Monday, June 14, 2010

Yellow Cards for Stupid

The USA's right-wing punditry is predictably calm and thoroughly reasoned in its reception of the World Cup:

"Barack Obama's policies are the World Cup." In an extensive rant on the June 11 Glenn Beck Program, Beck purported to explain how President Obama's policies "are the World Cup" of "political thought." Beck stated, "It doesn't matter how you try to sell it to us, it doesn't matter how many celebrities you get, it doesn't matter how many bars open early, it doesn't matter how many beer commercials they run, we don't want the World Cup, we don't like the World Cup, we don't like soccer, we want nothing to do with it." Beck stated that likewise, "the rest of the world likes Barack Obama's policies, we do not."
or, to put that more explicitly:
Discussing soccer's popularity in the U.S. on his June 10 program, G. Gordon Liddy asked, "Whatever happened to American exceptionalism?"
And, lest we forget the conspiratorial and racist elements:
Also on the June 10 G. Gordon Liddy Show, Media Research Center's Dan Gainor said, "the problem here is, soccer is designed as a poor man or poor woman's sport" and that "the left is pushing it in schools across the country." He added: "generally football games in this country don't devolve into riots or wars." He later added that the sport of soccer "is being sold" as necessary due to the "browning of America."
To review, soccer is a man-made plague insidiously worming its way into the United States by riotous hordes of dark-skinned savages who never wear USA flag lapel pins nor go dewy-eyed at the playing of "The Star-Spangled Banner."

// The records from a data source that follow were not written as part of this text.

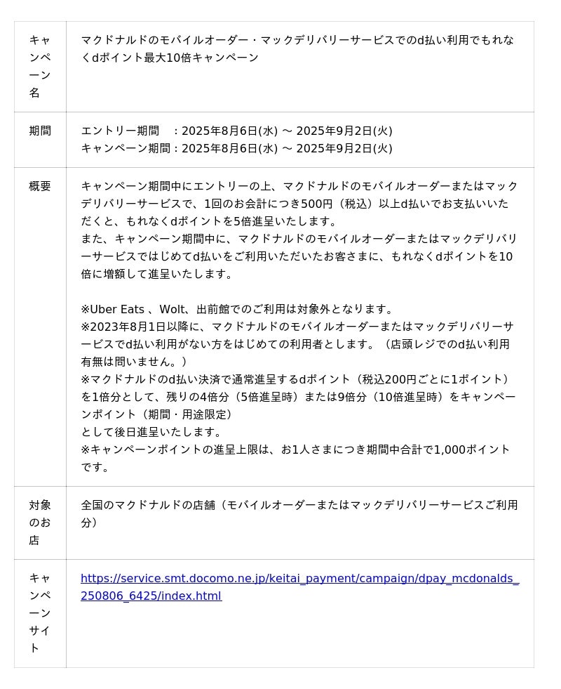 本キャンペーンへの参加にはエントリーが必要です。エントリー期間中にキャンペーンサイトからエントリーの上、マクドナルドのモバイルオーダーまたはマックデリバリーサービスで「d払い(R)」にて※11回のお会計につき500円(税込)以上お支払いいただくと、もれなくdポイントを5倍進呈いたします※2。また、キャンペーン期間中に、マクドナルドのモバイルオーダーまたはマックデリバリーサービスではじめて「d払い」をご利用いただいた方に、もれなくdポイントを10倍に増額して進呈いたします※2。詳細はキャンペーンサイトにてご確認ください。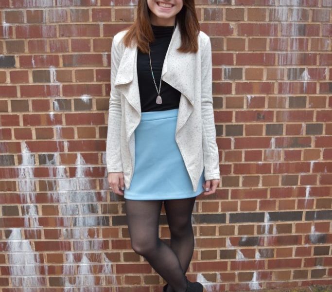 The look I chose to show here definitely exemplifies my more minimalistic taste. I paired a fun, baby blue mini skirt with a classic, fitted, black turtleneck. The gray and white speckled moto jacket style sweater added a touch of urban-chic to the look, and the flared edges of the jacket gave the look some dimension. To finish off the look, I threw on some black booties to tie together the overall minimalistic appeal. Balancing out multiple black aspects with a touch of color through the skirt and necklace is one of my favorite style methods.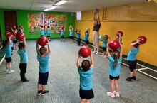 В младших группах «Светлячки» и "Любознайки" прошёл замечательный физкультурный праздник "Праздник мяча". Игры с мячом привлекают детей всех возрастов. Он притягивает и манит, стимулирует фантазию и двигательное воображение, игры с мячом оказывают неоценимую пользу для здоровья и физического развития. Дети выполнили разминку с мячами, отгадывали загадки, познакомились с видами мячей, с удовольствием ловили мячи, передавали друг другу, бросали в цель, прыгали с ними и получили массу положительных эмоций. Как известно, именно мяч является одной из первых игрушек с которой начинает играть ребенок с самого раннего детства. С возрастом привычки детей меняются, меняются игры и игрушки, но мяч остаётся с ними всегда. -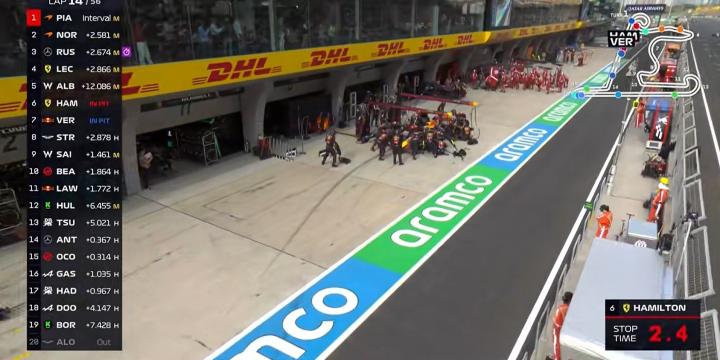 第14圈,汉密尔顿和维斯塔潘相继进站。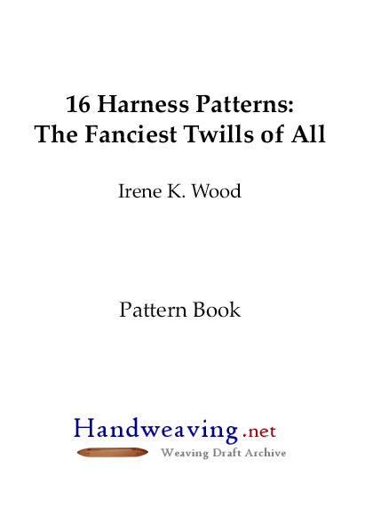 Griswold, Ralph E. 16-Harness Patterns: The Fanciest Twills of All, 12 pages. Note: Pattern book. Updated November 5, 2004. WIFs of the patterns in this document are available at handweaving.net. Posted July 15, 2005. FIRST PAGE. File size 908 KB PDF
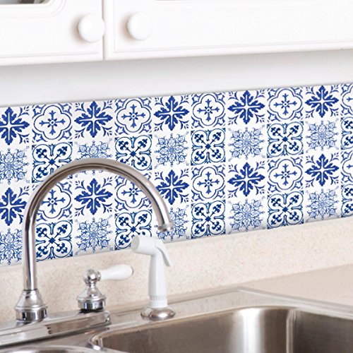 Wallies Wall Decals,3" x 3" Blue Tiles Wall Stickers, Set of 30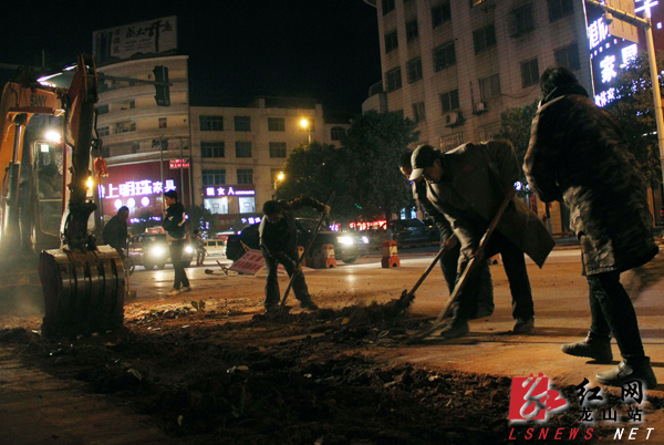 夜幕下,工人们正在清扫拆除的街道花坛的泥土,确保城市面貌干净整洁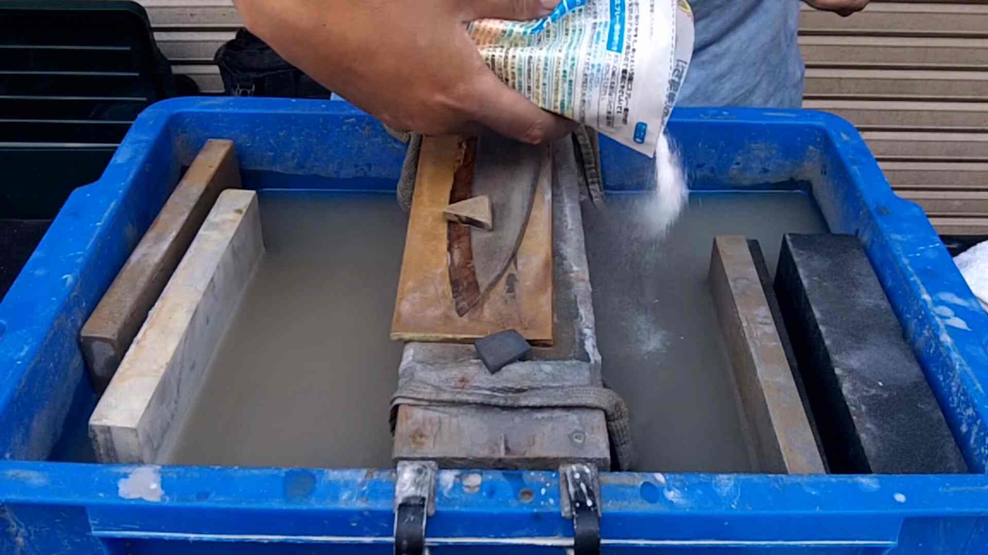 砥石を取り替えている上に、砥石自体を平らにするために擦りあわせている。
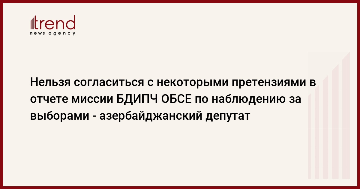 Нельзя согласиться с некоторыми претензиями, которые содержатся в первом промежуточном отчете миссии Бюро по демократическим институтам и правам человека ОБСЕ (БДИПЧ ОБСЕ) по наблюдению за президентскими выборами в Азербайджане, сказал во вторник Trend депутат Айдын Мирзазаде.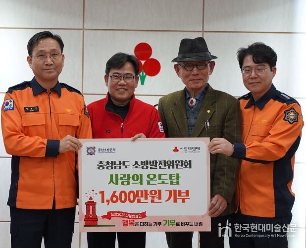 한국현대미술신문 신정은 기자 | 충청남도 소방발전위원회(소방정책 자문·협의기구)는 지난 30일 연말연시 이웃돕기 성금 모금인 ‘사랑의 온도탑’에 성금 1600만 원을 기탁했다고 1일 밝혔다.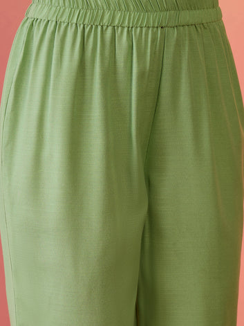 Girl’s Green Taffeta Foil Printed Peplum Kurta With Solid Dhoti Set

So it goes. A certain cohort of Americans will accept that frame, or one like it, and lurch forward with it. Meanwhile, for those of us willing to entertain the possibility that the rest of the world might have its reasons, Marc at Pandagon offers a question-answer frame through which to appreciate soccer, a thoughtful effort (not to say the final word), one that speaks directly to one of the common plaints of American sports fans:
Major American sports are defined by a never-ending stream of recordable micro-events: balls and strikes, first downs, rebounds, completed passes, double plays, blocked shots, and so forth. Box scores for every sport regularly spawn additional columns to satisfy our stats- and fantasy-obsessed fans. From this perspective, watching soccer can seem boring or frustrating - without a bunch of tangible events to track in-game, how can we even be sure something is happening?
Americans do say things like this, but I think people who cherish 'stats' in sports are either just grasping at terms to anchor something less clearly definable about the experience; or they use stats as a proxy for a long-running engagement with the game and an appreciation for its history, which begs the question of what, exactly, is interesting to watch in the ebb and flow of the sport.

The question-answer frame is a useful one, but for me, the compelling thing about soccer is precisely in the way the game can be determined by so few events -- a single breakaway attack, a lone blunder by a goalie -- and how the determining event can come at any moment. That's drama, and while billions can indeed be wrong, the world beyond these borders is not wrong to appreciate it.